Cette déclaration ne se fait pas aux tables de
négociation. Elle se fait de manière publique,
dans les journaux, de manière politisée. C'est
choquant d'entendre cela, surtout en temps de
pandémie.
Il y a des négociations à l'heure actuelle, parmi
les travailleurs et travailleuses en santé
notamment, mais ce ne sont pas de vraies
négociations car le gouvernement leur a fait une
offre de gel salarial suivi de restrictions
salariales, soit exactement ce que nous avons
entendu à notre rencontre. Il n'y a pas vraiment
de place pour la négociation là-dedans.
FO : Quelle est la position du
SCFP-NB sur ces gestes du gouvernement ?
SO : Cela fait des années que
nous disons que les salaires stagnent depuis au
moins une douzaine d'années. Nous avons fait face
à des zéros d'augmentation, à des 1 %,
des mandats de restriction salariale de la part
des administrations précédentes. Les augmentations
de salaire depuis toutes ces années ont été bien
en dessous de l'augmentation du coût de la vie.

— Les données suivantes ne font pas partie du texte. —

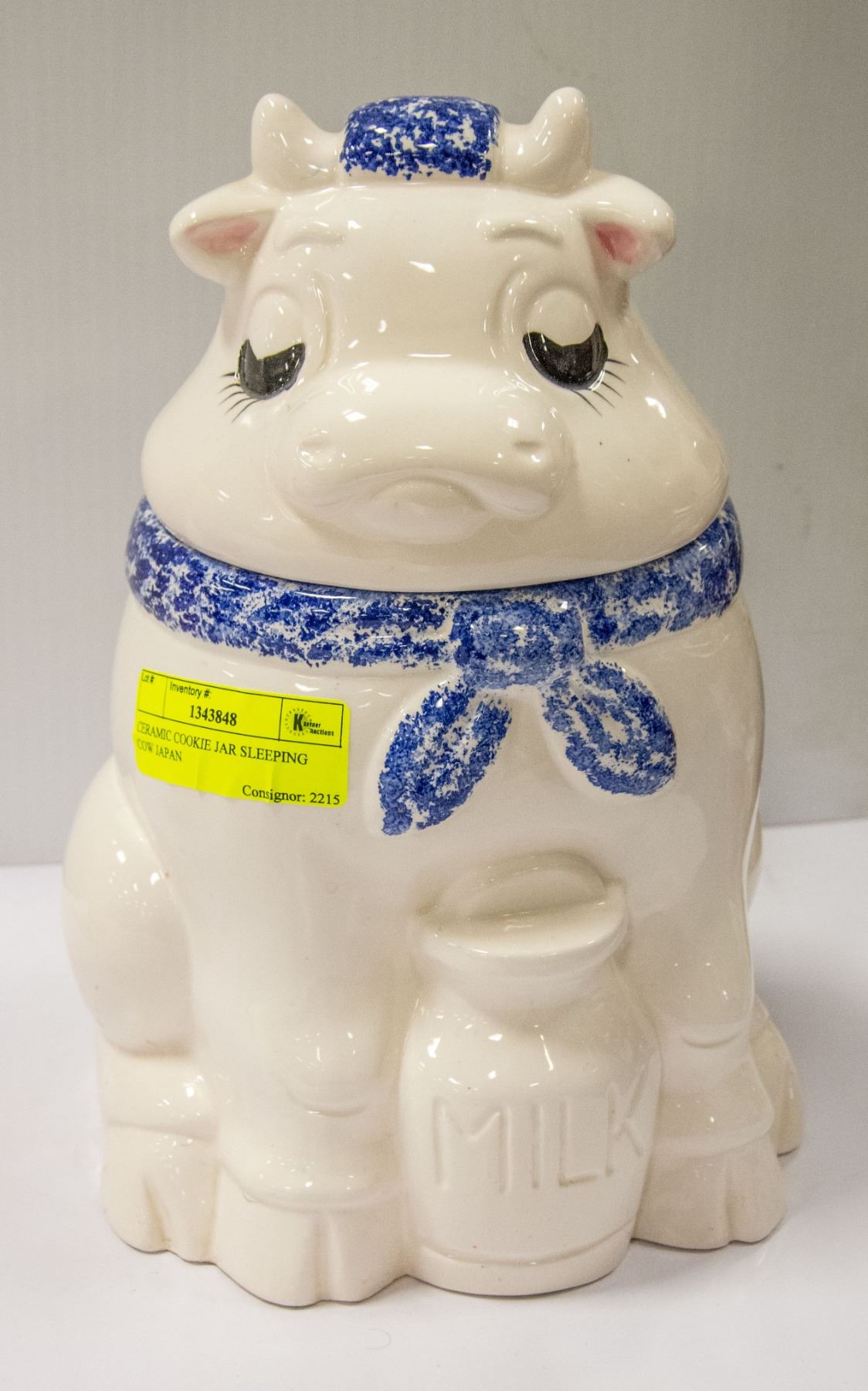 CERAMIC COOKIE JAR SLEEPING COW JAPAN

Tout cela a fait en sorte que nos membres ont
reculé en ce qui concerne leur pouvoir d'achat
réel. Nous voulons contrer cela.
Le coût de la vie augmente. Au Nouveau-Brunswick,
le coût des loyers est hors de contrôle en ce
moment, il y a une crise du logement dans la
province. Le Nouveau-Brunswick est la province au
Canada où les droits des locataires sont les plus
faibles. C'est un paradis pour les propriétaires
de logements. L'essence, le chauffage sont
extrêmement chers. La facture d'électricité est
beaucoup plus élevée au Nouveau-Brunswick qu'au
Québec par exemple. Nous avons des salaires de
petites provinces avec des factures de grandes
villes.
Selon nous, la meilleure manière de sortir de la
pandémie c'est par la stimulation d'une croissance
durable, qui va dans les poches de nos
travailleurs, dans nos infrastructures publiques,
nos systèmes publics. On ne peut pas stimuler la
croissance à coup de subventions corporatives.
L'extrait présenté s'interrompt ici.